The launch of the 2017 Africa Green Revolution Forum in Abidjan marked history in the making, according to heads of state who took the podium to lead the continent in reshaping Africa’s agriculture.
“Africa missed out on the first Green Revolution but we must seize the moment as the second Green Revolution unfolds. AGRF 2017 is happening at the right time because we now recognise the paramount importance to us as a people and as a continent to turn agriculture around, to feed ourselves qualitatively and quantitatively,” said Liberia President Ellen Johnson Sirleaf during the official launch of the forum.
Speaking at an event flanked by presidential guards in sweeping cloaks and long boots, President Sirleaf presented the new will for transformation that now sees Africa climbing the productivity ladder.

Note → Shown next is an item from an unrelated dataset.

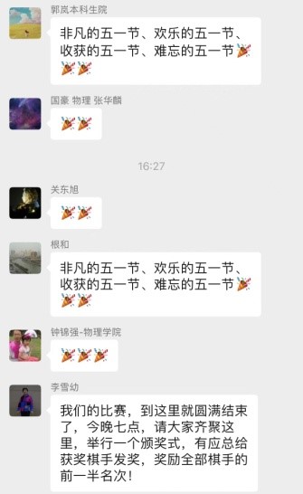 两天9轮的比赛紧张激烈且秩序井然。在比赛过程中,选手们服从和配合裁判长、编排和裁判的指令,保证了赛程顺畅圆满,显示出同济师生良好的综合素养和对象棋事业的热爱。赛后学生在各种信息媒体、朋友圈发表感想:“非凡的五一节,欢乐的五一节,收获的五一节,难忘的五一节”。“能在网络上快速组织这样的校园比赛,秩序如此之好之流畅,确实只能是同济了”,本次赛事协办单位、资助者,爱点击集团公司副总经理应建波在历经赛事全过程之后感概地说。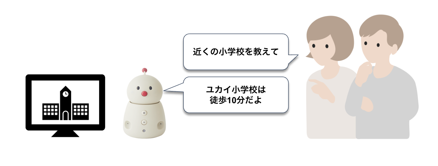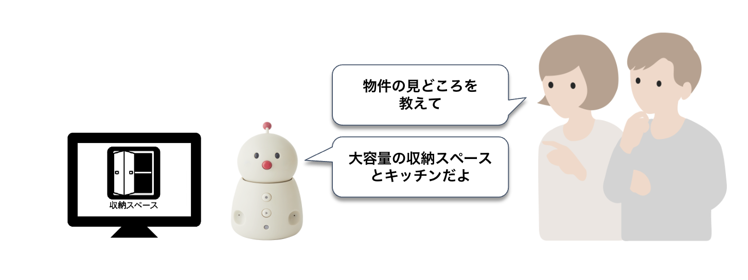 「BOCCO emo」の発話内容や発話タイミングに合わせてデジタルサイネージに画像や動画が表示されるため、従来の音声に加えて視覚的な情報を提供できるようになります。対話や表示の内容を容易に設定変更できるシステムであるため、不動産物件来場者に対する無人案内だけでなく、営業業務の支援、マンション管理支援、共用部予約、ショールーム受付等、幅広いユースケースに活用いただけます。

For when much of the globe’s agriculture enjoyed a green revolution and soaring growth in agricultural output in the mid-20th century, fueled by the arrival of tractors, pesticides, high yield crops, and intensive farming, Africa was substantially left behind.
But more than half a century later, the continent is now taking center stage as the world’s main hope for food security as the world’s population moves towards 9 billion by 2050. With more than half of the world’s unused arable land in Africa, the continent is now projected to play a central role in meeting global food needs.
But the world’s second Green Revolution is emerging as markedly different from the first, as it places a new emphasis on smallholder farmers, working land traditionally considered poor, and often prone to drought or flooding.
This revolution is now regarded as critical to delivering the jobs, wealth, and take-off that have eluded the continent until now, as well as to achieving food security.
“We have managed to reduce the levels of poverty in our country through investment in agriculture. And because of the economic benefits we have made, as a country we commit to continually invest in the sector,” said AGRF host Cote d’Ivoire President Alassane Ouattarra.
Engaging the youth in this is now critical, he said. “Agriculture is a great source of employment and, therefore, we must make it attractive to the youth.”
Such progressive commitments are now spurring a new era of partnerships between governments, agencies and the private sector around the common mission of repositioning African agriculture.
“There is notable effort to improve food production methods and real commitments have been made to address key issues in the sector to increase yields and production, with 95 per cent of resources dedicated to increasing food production,” said Mamadou Biteye, the MD of the Rockefeller Foundation.
As the 2017 AGRF declared itself open and turned to its 52 events, across plenary sessions, symposia, and panels, the forum opened to a clear declaration of commitment by Africa’s agricultural leaders to delivering a new revolution for everyone.